Computer screens are dimensioned in pixels and show the pixels directly - one-for-one without any concept of inches or DPI. If someone tells you that your image needs to be a certain DPI for the screen or the web they are simply wrong. It is the number of pixels they need to be concerned with, not DPI. If there are enough pixels on the screen to display all the pixels contained in the image (one-for-one) the photo will look its best. If there are more pixels in the image than there are on the screen, the computer will simply resample the image temporarily and throw out pixels it doesn’t need in order to display the photo. If there are not enough pixels in the image to fill one-for-one at a particular zoom level the picture will look pixelated. DPI has zero effect on images displayed on computer monitors.

Printing

DPI does play a role when you print images on paper but maybe not the way you think it does. If you print the image at home from image editor print menus, the computer will use the DPI values in the file header to compute the size of the image on paper if you do nothing to set print parameters. This can result in your grabbing the print out and realizing there's something that needs to be tweaked in the print settings.

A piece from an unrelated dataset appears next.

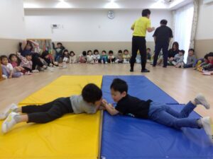 体操スクールでは、マットでやきいも🍠ゴロゴロをしました。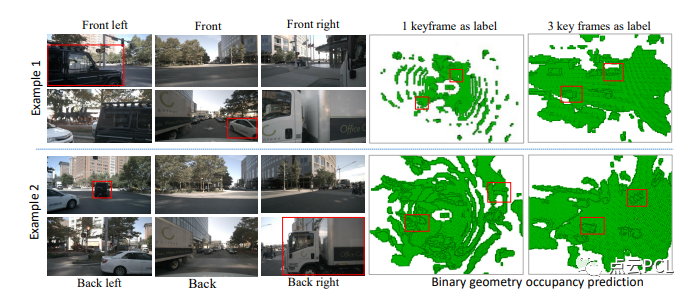 如图5展示了几个重建的三维场景,可以观察到使用单帧点云作为占据格生成的监督信息会导致不完整的重建,因为LiDAR点云的稀疏性。另一方面,使用三个关键帧及其对应的非关键帧作为监督信息可以更完整地重建三维场景。

If your photo is 2000 pixels wide and it says 180 DPI in the EXIF data, the printer will try to print 2000/180 = 11.1 inches but here's the deal: All print menus offer a way you can scale the size first to print on a specific piece of paper. If you scale this image to print 10 inches (to fit the paper), then it will scale to print at 2000/10 = 200 DPI. If you want 10 inches at 300 DPI, then you need to provide 10 inches x 300 DPI = 3000 pixels, scaled to print 300 DPI. The embedded DPI number is disregarded which is what happens most frequently. If you use a printing service, same thing.

To beat a dead horse

If you specify this image is to be printed at some size in inches, that original DPI number is not used. It is not a property of the image. It is just an isolated number, a separate number simply stored in the file, independent of the image and when it is used by the printer it is only to space the pixels.

When someone asks me or you to send them a photograph for a specific purpose, it is best to specify the size in pixels rather than a certain DPI or number of inches. They need to come up with those numbers on their own depending on the printing device.